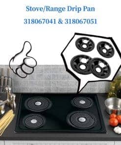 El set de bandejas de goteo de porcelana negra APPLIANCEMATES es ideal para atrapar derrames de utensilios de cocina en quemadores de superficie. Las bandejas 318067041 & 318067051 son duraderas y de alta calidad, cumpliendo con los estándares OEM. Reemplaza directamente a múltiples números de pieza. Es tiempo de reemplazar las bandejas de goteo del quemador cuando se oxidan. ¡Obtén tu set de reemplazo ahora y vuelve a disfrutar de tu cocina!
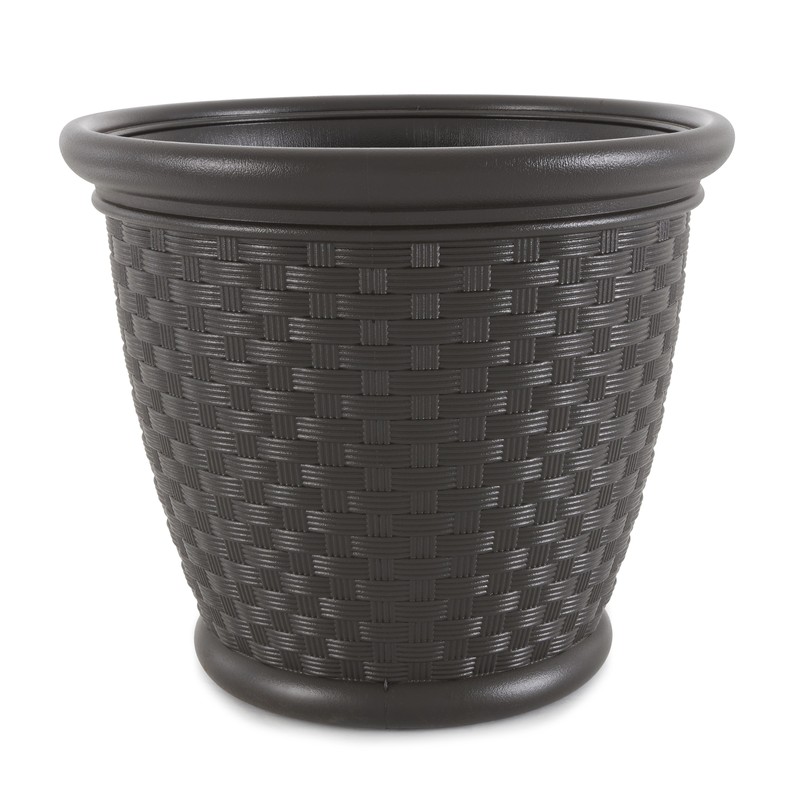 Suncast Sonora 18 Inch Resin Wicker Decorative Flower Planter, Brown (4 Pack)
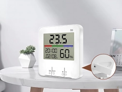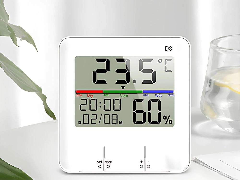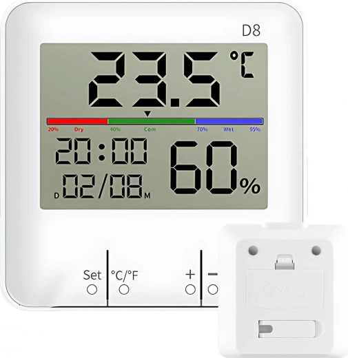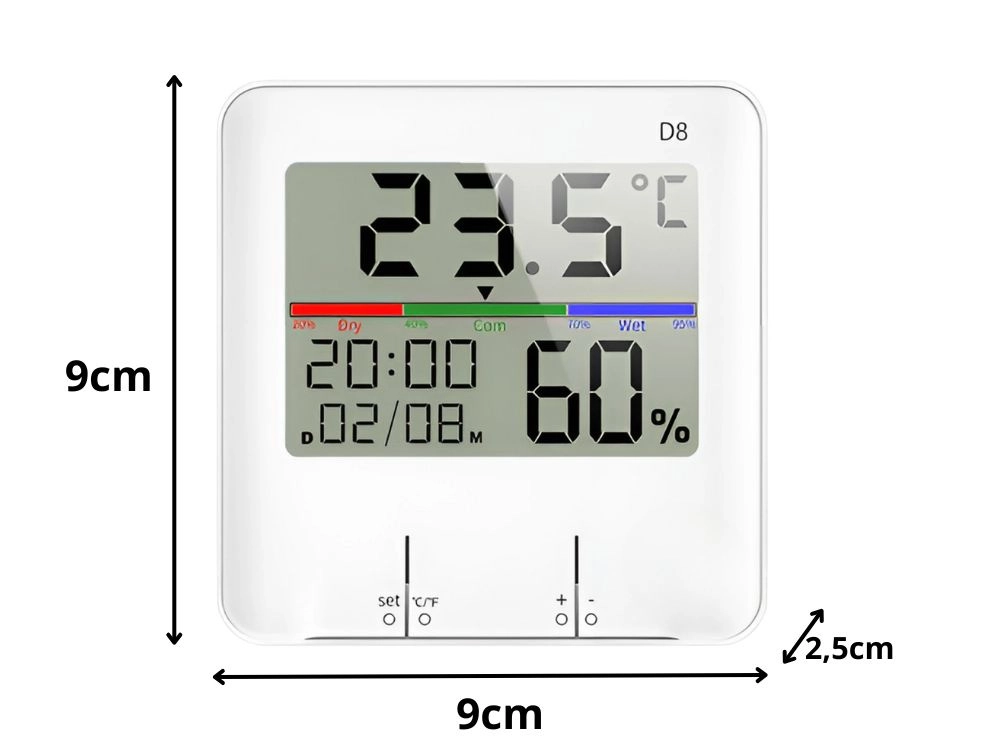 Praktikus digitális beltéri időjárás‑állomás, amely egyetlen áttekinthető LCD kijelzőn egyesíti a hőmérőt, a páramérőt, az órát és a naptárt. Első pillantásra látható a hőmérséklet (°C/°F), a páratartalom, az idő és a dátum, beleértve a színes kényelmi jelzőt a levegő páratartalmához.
* * *
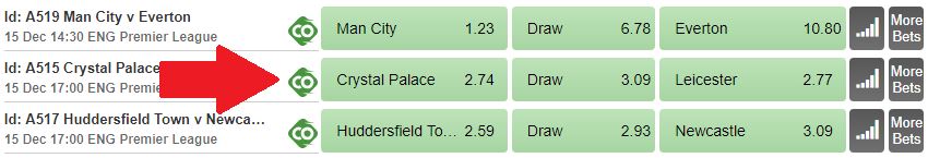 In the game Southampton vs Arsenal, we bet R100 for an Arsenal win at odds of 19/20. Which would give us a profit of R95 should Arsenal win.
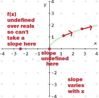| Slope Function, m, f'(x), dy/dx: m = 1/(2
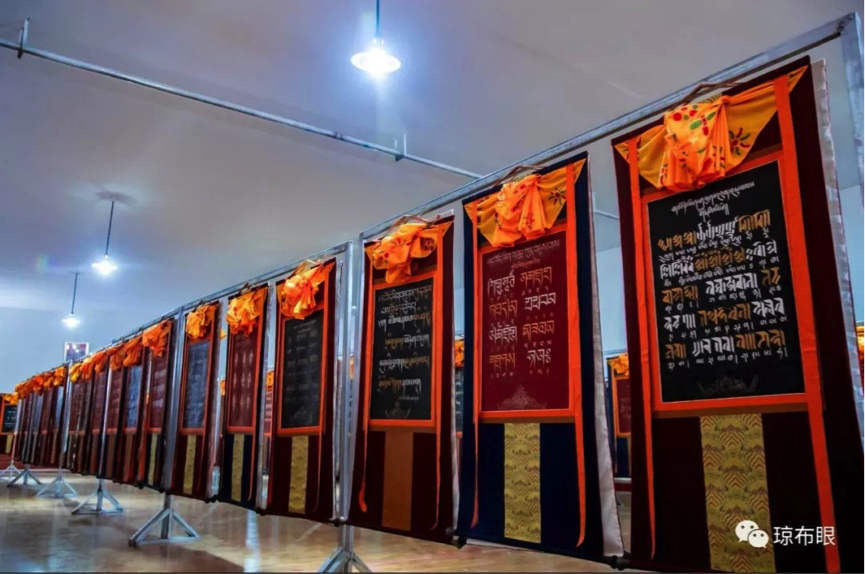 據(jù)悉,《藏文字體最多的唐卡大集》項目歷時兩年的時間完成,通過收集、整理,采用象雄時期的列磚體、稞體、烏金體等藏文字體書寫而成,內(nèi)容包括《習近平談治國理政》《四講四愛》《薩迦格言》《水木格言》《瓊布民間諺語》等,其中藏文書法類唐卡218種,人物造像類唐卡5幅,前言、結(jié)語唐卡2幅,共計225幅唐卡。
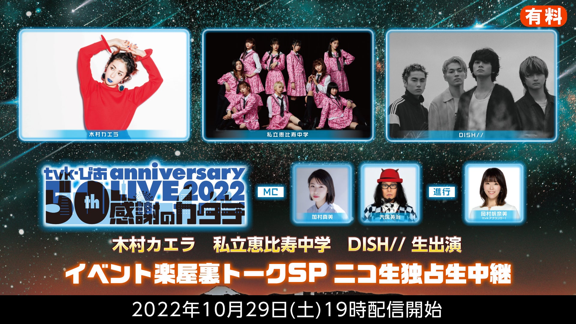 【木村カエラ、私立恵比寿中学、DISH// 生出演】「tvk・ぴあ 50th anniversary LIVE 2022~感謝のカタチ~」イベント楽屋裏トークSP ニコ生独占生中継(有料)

EXERCISE BRIEF: Set down again, exactly, every line above from the one with "El set de bandejas" down to the one with "Praktikus digitális beltéri", both ends included. No pictures, and nothing else.

REPLY:
 El set de bandejas de goteo de porcelana negra APPLIANCEMATES es ideal para atrapar derrames de utensilios de cocina en quemadores de superficie. Las bandejas 318067041 & 318067051 son duraderas y de alta calidad, cumpliendo con los estándares OEM. Reemplaza directamente a múltiples números de pieza. Es tiempo de reemplazar las bandejas de goteo del quemador cuando se oxidan. ¡Obtén tu set de reemplazo ahora y vuelve a disfrutar de tu cocina!
 Suncast Sonora 18 Inch Resin Wicker Decorative Flower Planter, Brown (4 Pack)
 Praktikus digitális beltéri időjárás‑állomás, amely egyetlen áttekinthető LCD kijelzőn egyesíti a hőmérőt, a páramérőt, az órát és a naptárt. Első pillantásra látható a hőmérséklet (°C/°F), a páratartalom, az idő és a dátum, beleértve a színes kényelmi jelzőt a levegő páratartalmához.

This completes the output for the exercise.